Hall 3 + Hall 2B #64
[ ]
Fri 25 Apr 7 p.m. PDT — 9:30 p.m. PDT

Abstract:

What can we learn from comparing video models to human brains, arguably the most efficient and effective video processing systems in existence? Our work takes a step towards answering this question by performing the first large-scale benchmarking of deep video models on representational alignment to the human brain, using publicly available models and a recently released video brain imaging (fMRI) dataset. We disentangle four factors of variation in the models (temporal modeling, classification task, architecture, and training dataset) that affect alignment to the brain, which we measure by conducting Representational Similarity Analysis across multiple brain regions and model layers.
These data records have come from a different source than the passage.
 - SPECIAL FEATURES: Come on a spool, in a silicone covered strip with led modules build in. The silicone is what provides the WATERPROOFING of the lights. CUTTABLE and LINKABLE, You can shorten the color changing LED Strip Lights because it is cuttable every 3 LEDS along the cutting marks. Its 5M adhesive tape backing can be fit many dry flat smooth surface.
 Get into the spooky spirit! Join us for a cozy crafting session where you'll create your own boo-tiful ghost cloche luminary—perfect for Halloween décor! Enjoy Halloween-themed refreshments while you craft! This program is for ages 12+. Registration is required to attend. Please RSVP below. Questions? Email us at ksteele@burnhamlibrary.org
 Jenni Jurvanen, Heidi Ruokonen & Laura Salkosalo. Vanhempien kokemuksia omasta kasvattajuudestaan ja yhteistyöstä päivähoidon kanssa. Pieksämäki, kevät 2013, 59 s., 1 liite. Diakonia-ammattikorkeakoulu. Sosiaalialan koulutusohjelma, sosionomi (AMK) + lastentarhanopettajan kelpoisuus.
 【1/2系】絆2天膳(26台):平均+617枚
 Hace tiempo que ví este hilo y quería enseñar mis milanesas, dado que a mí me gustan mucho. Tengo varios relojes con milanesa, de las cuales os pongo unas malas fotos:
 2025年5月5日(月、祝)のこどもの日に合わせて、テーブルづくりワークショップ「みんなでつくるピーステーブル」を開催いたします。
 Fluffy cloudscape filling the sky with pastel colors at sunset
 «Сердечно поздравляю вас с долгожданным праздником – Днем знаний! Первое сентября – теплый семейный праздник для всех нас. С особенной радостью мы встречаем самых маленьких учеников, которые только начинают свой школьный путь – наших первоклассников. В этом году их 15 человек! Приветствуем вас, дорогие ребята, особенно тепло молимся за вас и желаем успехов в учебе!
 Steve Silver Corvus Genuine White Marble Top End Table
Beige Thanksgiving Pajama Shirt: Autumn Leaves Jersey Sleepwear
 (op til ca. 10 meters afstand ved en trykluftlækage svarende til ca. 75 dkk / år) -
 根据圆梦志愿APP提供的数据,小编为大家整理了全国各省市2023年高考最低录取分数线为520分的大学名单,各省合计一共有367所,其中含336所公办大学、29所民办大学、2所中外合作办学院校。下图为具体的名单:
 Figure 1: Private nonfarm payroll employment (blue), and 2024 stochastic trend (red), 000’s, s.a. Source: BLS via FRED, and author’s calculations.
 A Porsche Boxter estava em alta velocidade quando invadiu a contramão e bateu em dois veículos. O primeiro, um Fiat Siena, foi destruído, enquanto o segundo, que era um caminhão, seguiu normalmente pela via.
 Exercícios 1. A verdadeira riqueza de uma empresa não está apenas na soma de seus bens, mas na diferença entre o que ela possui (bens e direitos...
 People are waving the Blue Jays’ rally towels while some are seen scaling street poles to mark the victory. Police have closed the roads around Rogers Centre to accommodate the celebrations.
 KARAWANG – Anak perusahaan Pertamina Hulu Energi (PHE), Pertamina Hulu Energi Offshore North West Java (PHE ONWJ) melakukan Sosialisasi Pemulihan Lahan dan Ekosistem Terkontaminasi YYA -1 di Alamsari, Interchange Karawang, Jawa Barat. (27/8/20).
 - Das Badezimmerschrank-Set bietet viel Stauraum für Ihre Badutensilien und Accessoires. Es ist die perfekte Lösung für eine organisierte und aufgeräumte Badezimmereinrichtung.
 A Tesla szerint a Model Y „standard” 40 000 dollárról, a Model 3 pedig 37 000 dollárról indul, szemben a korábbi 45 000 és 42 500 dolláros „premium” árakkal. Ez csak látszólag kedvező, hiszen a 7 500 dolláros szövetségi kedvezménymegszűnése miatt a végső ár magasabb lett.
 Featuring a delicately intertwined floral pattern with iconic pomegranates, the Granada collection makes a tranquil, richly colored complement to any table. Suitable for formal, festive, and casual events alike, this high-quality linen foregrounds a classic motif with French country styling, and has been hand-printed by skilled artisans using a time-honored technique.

We show that temporal modeling is key for alignment to brain regions involved in early visual processing, while a relevant classification task is key for alignment to higher-level regions. Moreover, we identify clear differences between the brain scoring patterns across layers of CNNs and Transformers, and reveal how training dataset biases transfer to alignment with functionally selective brain areas. Additionally, we uncover a negative correlation of computational complexity to brain alignment. Measuring a total of 99 neural networks and 10 human brains watching videos, we aim to forge a path that widens our understanding of temporal and semantic video representations in brains and machines, ideally leading towards more efficient video models and more mechanistic explanations of processing in the human brain.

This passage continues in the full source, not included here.